INSTRUCTIONS TO FOLLOW —
Excluding pictures, what does the listing below contain from the line with "作为卫生间最干的区域,单独划分出来最有必要了。一般需要1.8 × 0.8m的尺寸,也就是说1.5㎡左右就可以有一个独立卫生间。" up to and including the line with "te ha puesto)", word for word?

::: ENTRIES SHOWN

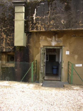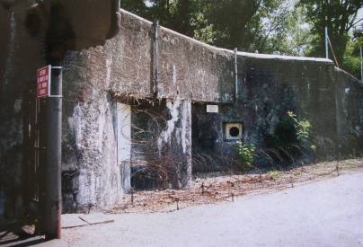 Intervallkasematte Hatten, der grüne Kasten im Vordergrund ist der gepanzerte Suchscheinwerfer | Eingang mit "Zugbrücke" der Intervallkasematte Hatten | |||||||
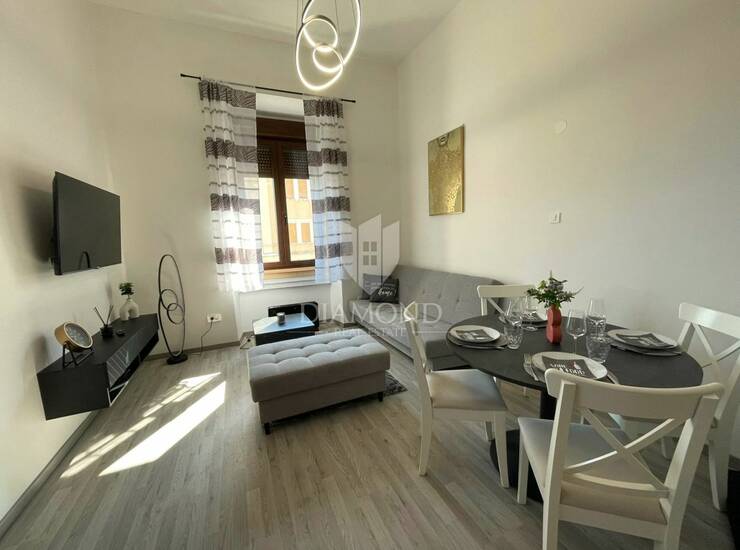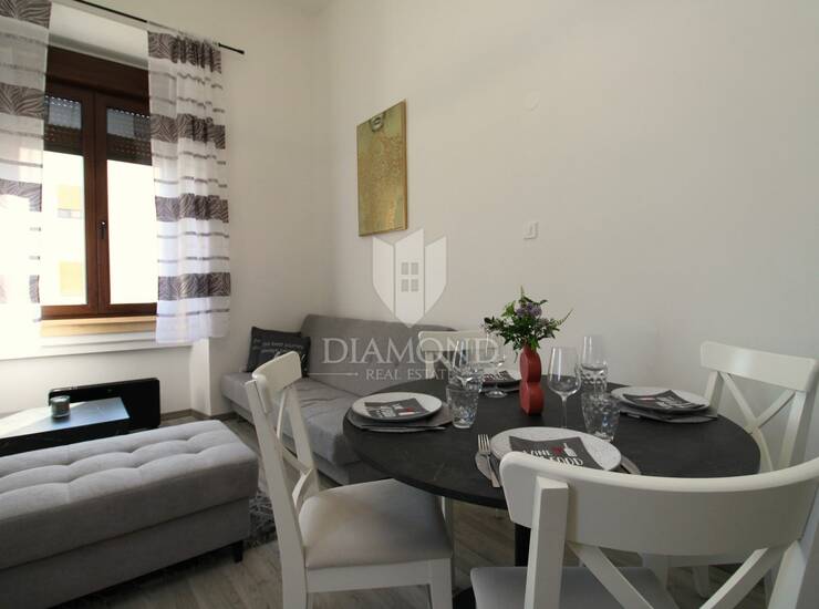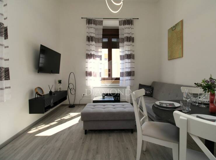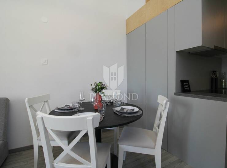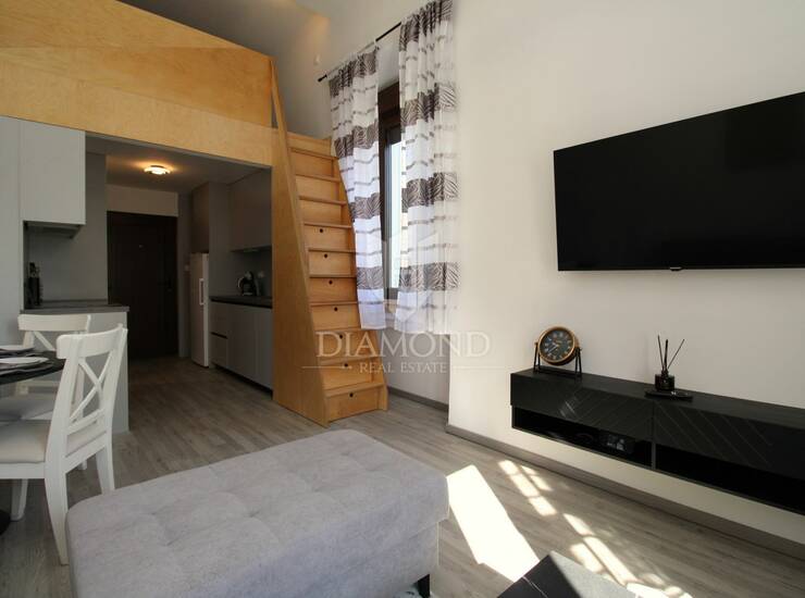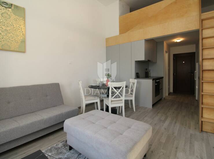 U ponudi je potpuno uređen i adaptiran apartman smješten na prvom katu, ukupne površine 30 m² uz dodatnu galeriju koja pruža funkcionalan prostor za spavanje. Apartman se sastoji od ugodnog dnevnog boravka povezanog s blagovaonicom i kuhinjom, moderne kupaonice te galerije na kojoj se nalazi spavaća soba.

::::::
::: ENTRIES SHOWN

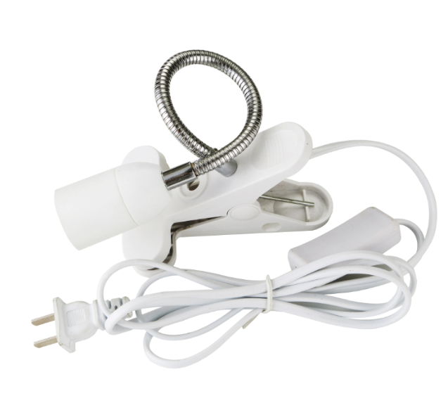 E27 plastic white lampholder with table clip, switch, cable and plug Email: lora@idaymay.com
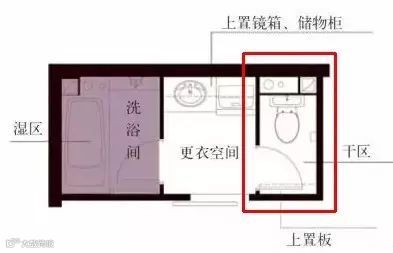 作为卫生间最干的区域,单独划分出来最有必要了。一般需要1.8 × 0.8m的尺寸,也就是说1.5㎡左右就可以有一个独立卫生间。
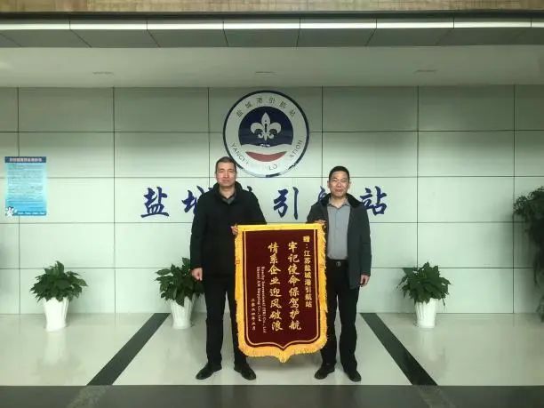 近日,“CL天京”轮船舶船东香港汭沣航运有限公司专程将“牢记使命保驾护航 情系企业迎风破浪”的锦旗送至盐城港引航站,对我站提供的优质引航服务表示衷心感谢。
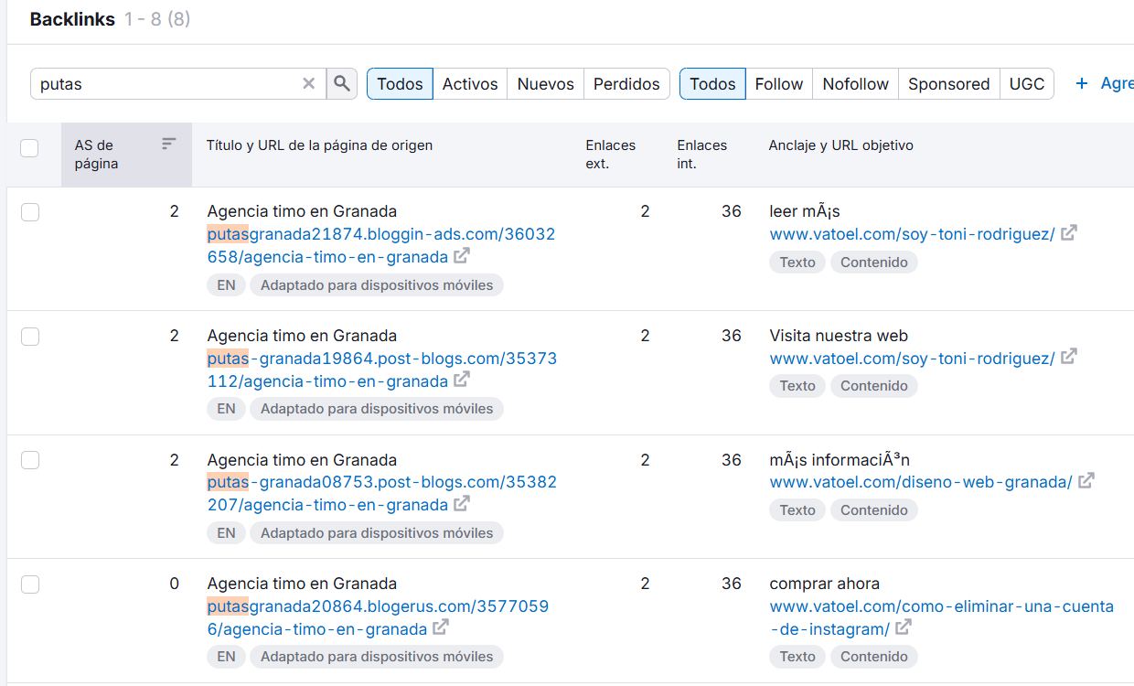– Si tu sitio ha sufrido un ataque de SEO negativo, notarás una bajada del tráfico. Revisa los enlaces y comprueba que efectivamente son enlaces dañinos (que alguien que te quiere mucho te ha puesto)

::::::
::: ENTRIES SHOWN

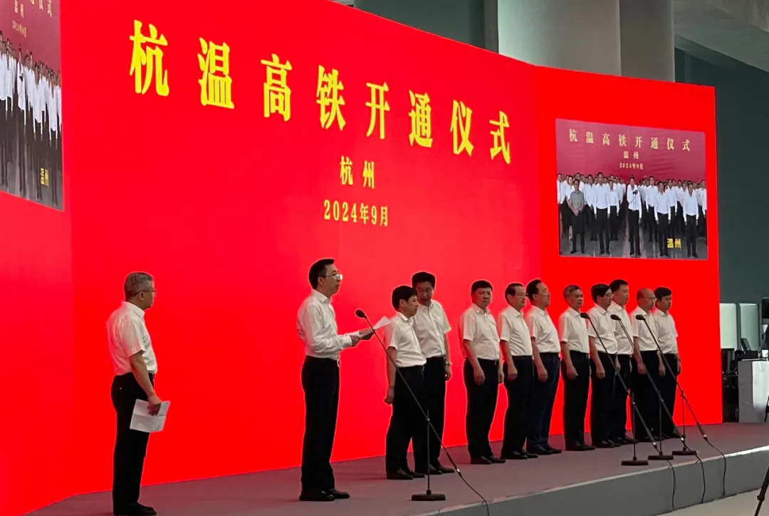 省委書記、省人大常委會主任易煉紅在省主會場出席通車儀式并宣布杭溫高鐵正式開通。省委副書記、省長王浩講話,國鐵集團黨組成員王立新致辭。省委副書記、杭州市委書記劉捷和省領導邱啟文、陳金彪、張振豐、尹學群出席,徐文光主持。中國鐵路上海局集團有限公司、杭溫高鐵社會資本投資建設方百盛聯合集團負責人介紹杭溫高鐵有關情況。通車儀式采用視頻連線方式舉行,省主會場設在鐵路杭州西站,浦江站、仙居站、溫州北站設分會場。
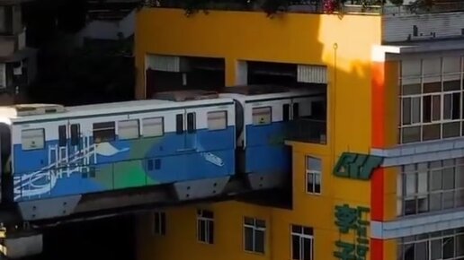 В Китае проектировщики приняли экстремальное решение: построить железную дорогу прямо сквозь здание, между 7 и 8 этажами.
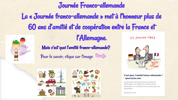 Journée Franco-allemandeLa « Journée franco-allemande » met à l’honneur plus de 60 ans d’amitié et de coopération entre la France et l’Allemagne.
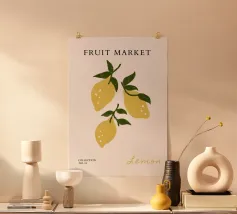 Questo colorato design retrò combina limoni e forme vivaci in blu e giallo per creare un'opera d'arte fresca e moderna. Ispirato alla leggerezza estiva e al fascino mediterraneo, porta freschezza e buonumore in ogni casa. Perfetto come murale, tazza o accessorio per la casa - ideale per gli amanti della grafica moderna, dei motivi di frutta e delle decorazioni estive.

::::::

WORKED SOLUTION —
 作为卫生间最干的区域,单独划分出来最有必要了。一般需要1.8 × 0.8m的尺寸,也就是说1.5㎡左右就可以有一个独立卫生间。
 近日,“CL天京”轮船舶船东香港汭沣航运有限公司专程将“牢记使命保驾护航 情系企业迎风破浪”的锦旗送至盐城港引航站,对我站提供的优质引航服务表示衷心感谢。
– Si tu sitio ha sufrido un ataque de SEO negativo, notarás una bajada del tráfico. Revisa los enlaces y comprueba que efectivamente son enlaces dañinos (que alguien que te quiere mucho te ha puesto)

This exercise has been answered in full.